%%

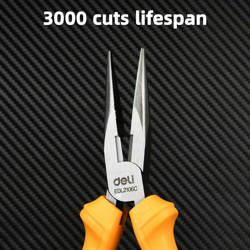 Купить Удлиненные плоскогубцы 160мм Deli DL2106C (сталь 55С, пластиковая рукоять)
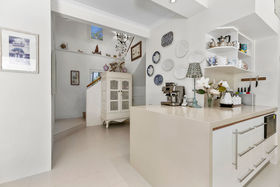 • Kitchen boasts latte coloured Caesar stone solid bench tops with waterfall ends & pull-out pantry
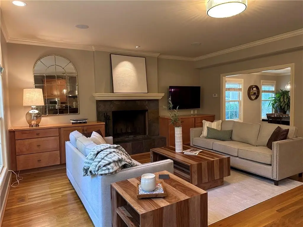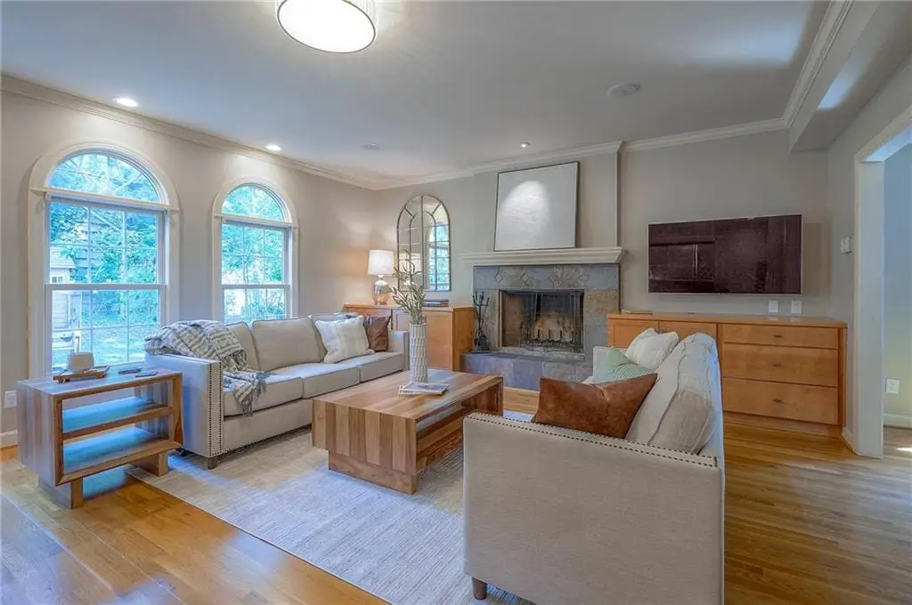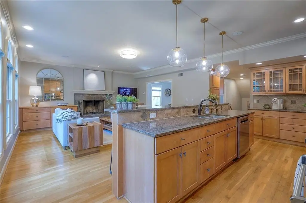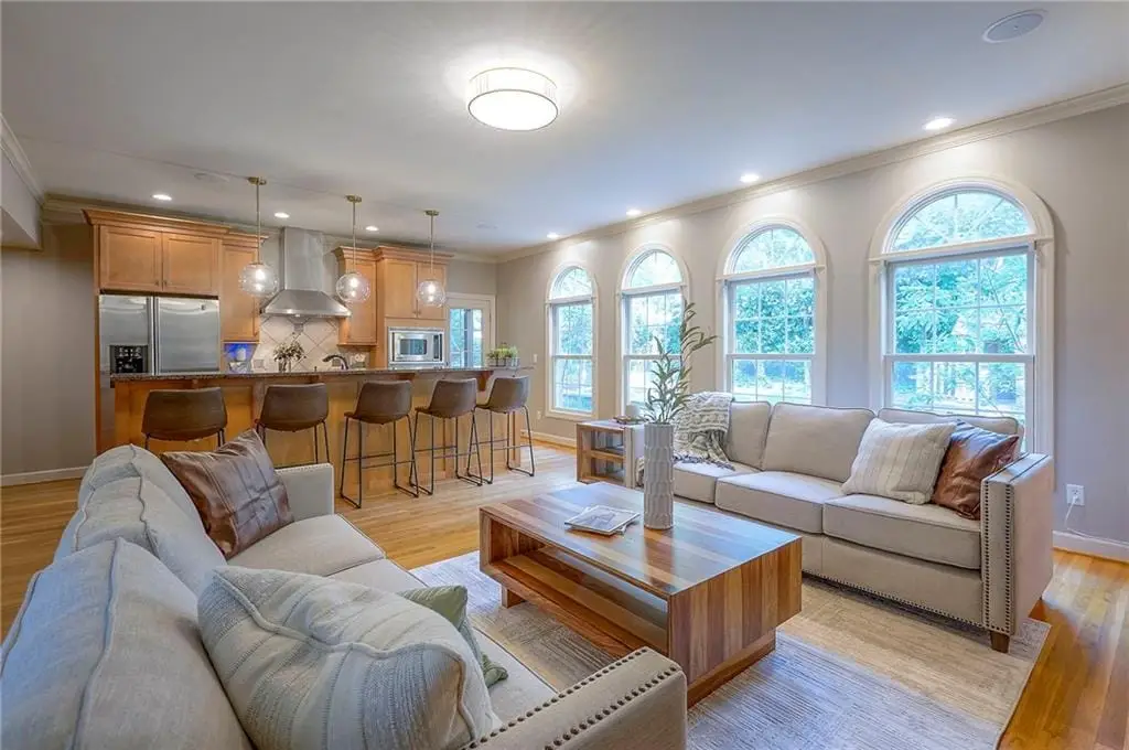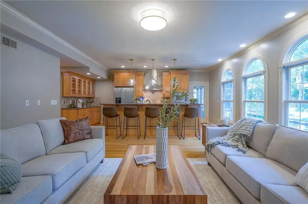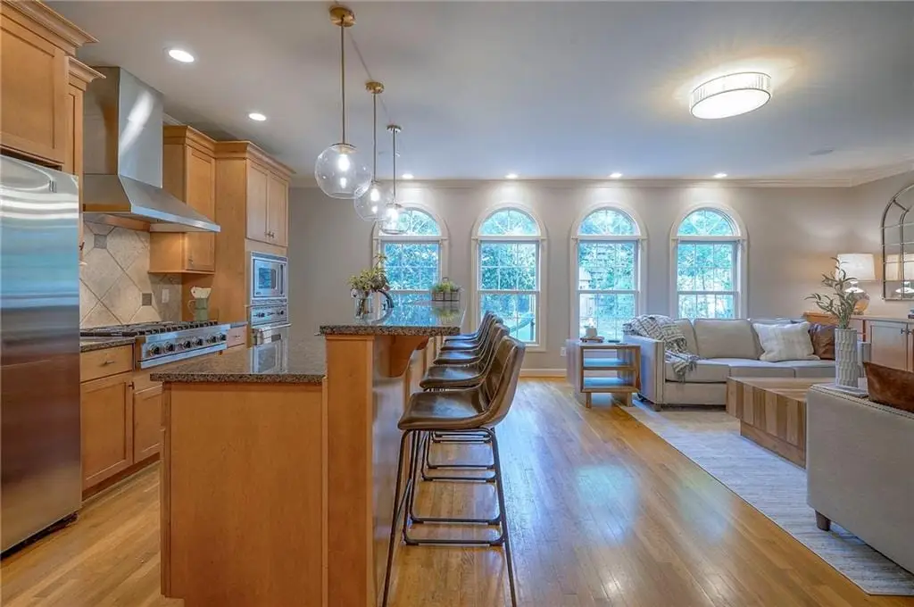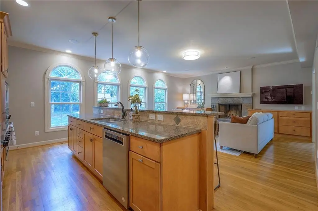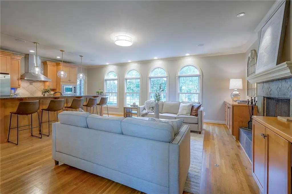 Sunlit hearth room overlooking landscaped backyard
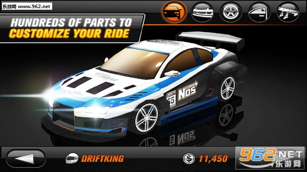 使用车身组件、自定义轮毂、车窗涂色和尾翼完全自定义你的爱车外观。让你成为独一无二的漂移野兽!
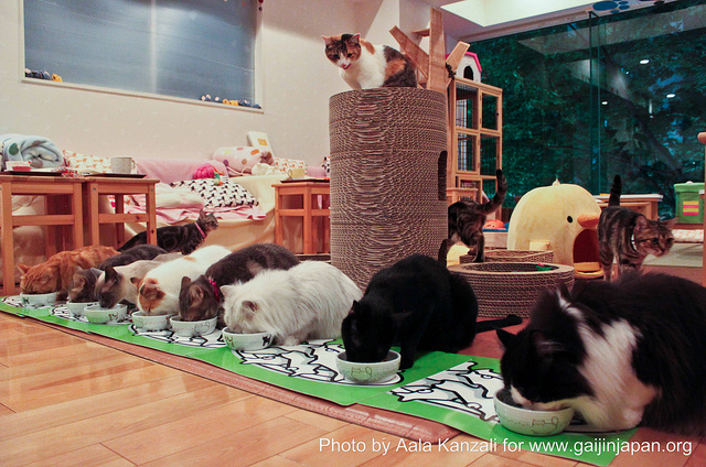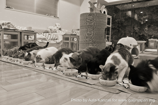 Café à chats? Bar à chats? Neko Kissa (猫喫茶)? Neko café (猫カフェ)? Peu importe l’appellation qui leur est attribué, ces lieux sont les mêmes et sont très populaire au pays du Soleil-Levant. Ces établissements où les clients viennent boire un café tout en caressant les félins mis à leur disposition.
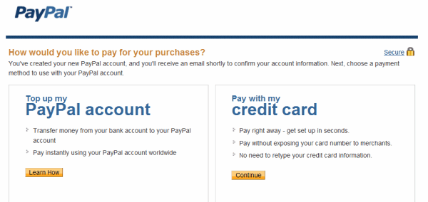 Nyní máte možnost si zvolit, zda-li chcete platit kreditní kartou (pay with my credit card), nebo si účet „předplatit“ převodem z účtu (top up my paypal account):
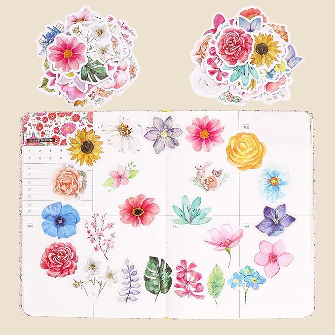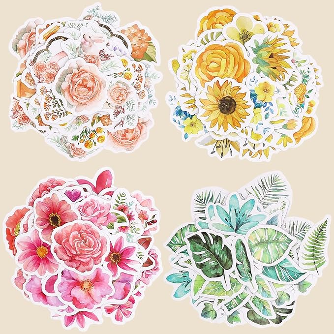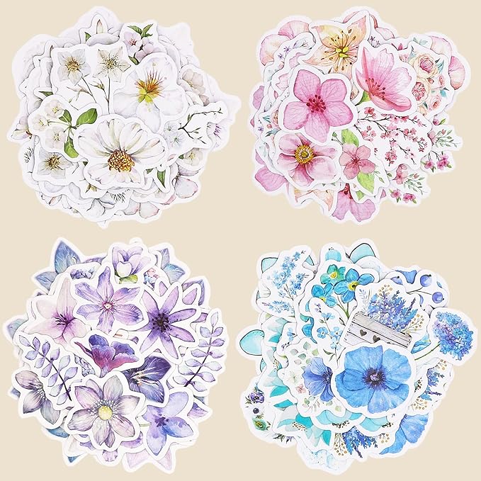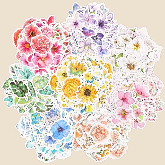 360 Pcs Flower Sticker Set - 120 Unique Designs - Decorative Matte Paper Floral Decals for Scrapbooking, Bullet Journals, Planners, and DIY Arts & Crafts

%%

Exactly as written, give again every line from the one containing "Nyní máte možnost" through the last line of the material, both included, with the pictures left out.

 Nyní máte možnost si zvolit, zda-li chcete platit kreditní kartou (pay with my credit card), nebo si účet „předplatit“ převodem z účtu (top up my paypal account):
 360 Pcs Flower Sticker Set - 120 Unique Designs - Decorative Matte Paper Floral Decals for Scrapbooking, Bullet Journals, Planners, and DIY Arts & Crafts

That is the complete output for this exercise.